Google+ is dead, Google+ is dead; long live Google+.
I detested it from the moment it reared it’s Medusa like head along with it’s affiliated Circles, ringlets, snakelets whatever. It lowered the standard to that of Facebook and Facebook is the spawn of the devil. There ought to be room for only one Facebook or preferably no room at all.
I am very busy designing large fifty millimetre square icons which hopefully, when clicked or pressed on a touch screen, will display my images of the pubs, birds, mammals and landscapes on the south side of Loch Ness. The icons work fine, I save as a PNG with a bit of drop shadow cos Apple users like a bit of shadow. Then convert to an ICO file and just swap the folder with the information for the posh icon. I then got out of my comfort zone as I suspect to make the large icons and their content tamper proof I’m going to have to go and alter something in Windows Registry. Way beyond me and way beyond the couple I know up here that manage IT systems. I’m practising on my old laptop. Trawling the internet for education and generally getting in a right old muddle. I have two hard drives on my old laptop and have cloned or copied Windows 7 OS onto the one I cleared. I thought I had but some of it hadn’t. I think I need a Windows cleaner.

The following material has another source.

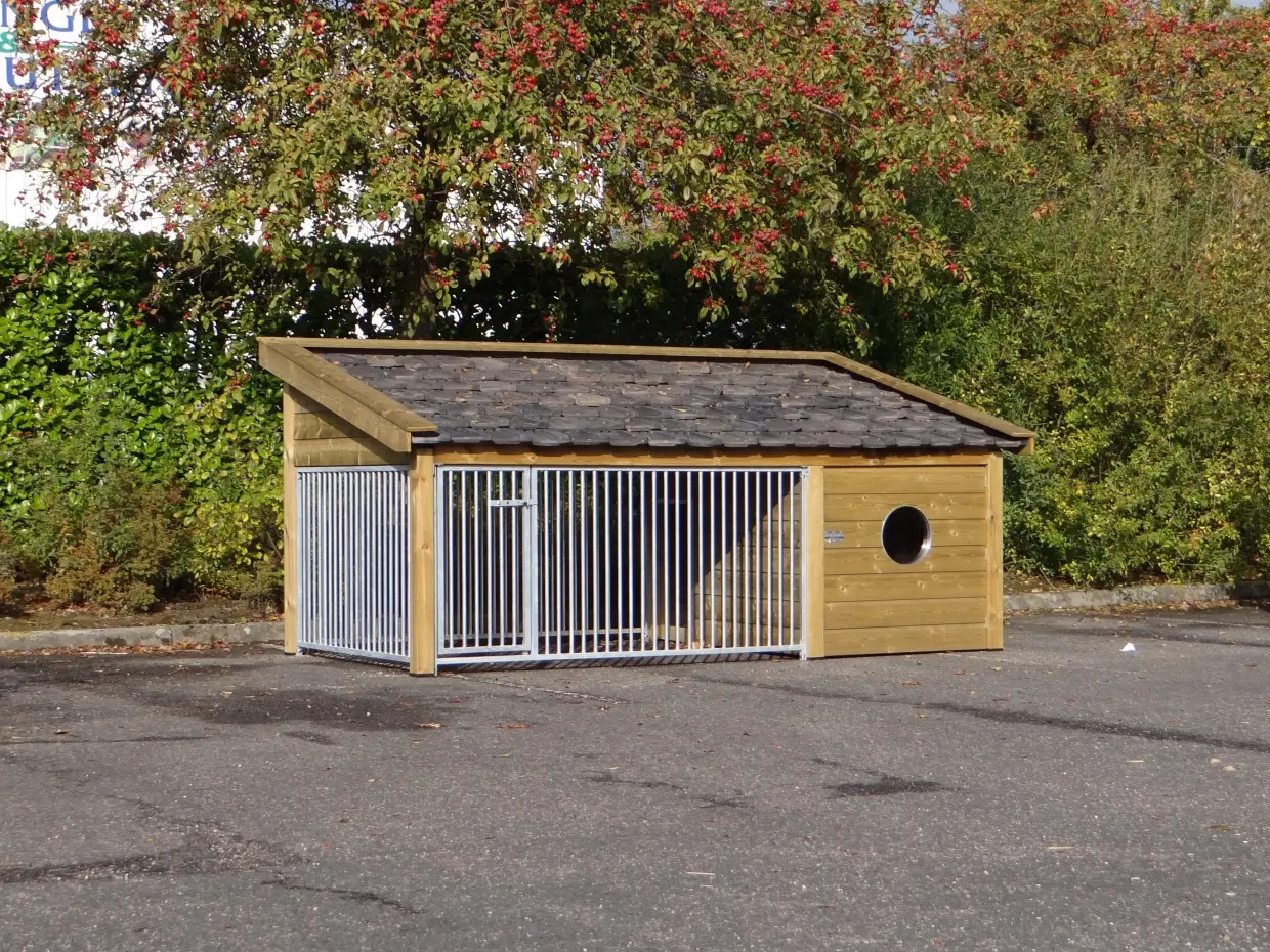 The dog kennel Rex 3 has an insulated sleeping compartment. The kennel is made of pressure-treated spruce wood and is also provided with second-handed roof tiles. The sleeping compartment has a plywood floor and a window in the door. The bar panels are galvanized. This kennel has an insulated sleeping compartment, so that your dog can stay outside during the whole year.

Anyway, enough of yesterdays entertainment. This morning I drove to Inverness. The road works they finished have started again. I got trapped in a lane for buses and taxis. I got caught by the Busies. All in order with the truck; but the officer said but why didn’t I see the sign, are you blind? I explained that I had but as it was the other side of the lights there was next to nothing I could do to comply with it. (I was committed to my lane, innit!) He was after a fixed penalty but I asked for his certifiable number and told him I’d see him in court. Told him I’d win easy and if I did I’d buy him a pint as all pillocks deserve a reward. He let me go and on I wandered to Harbour road. Got dog food and bird food at Harbro. Then on to Tesco for Adrian food. Not a bad morning as mornings go. Little spotty faced busie could not spoil it. He just livened up a boring trip through Inverness.
Have fun. I got a pot of Vick. It’s to clear my sinuses. £4.00p for Vick? It must pay not to be ill. It certainly pays well to pander to those that are.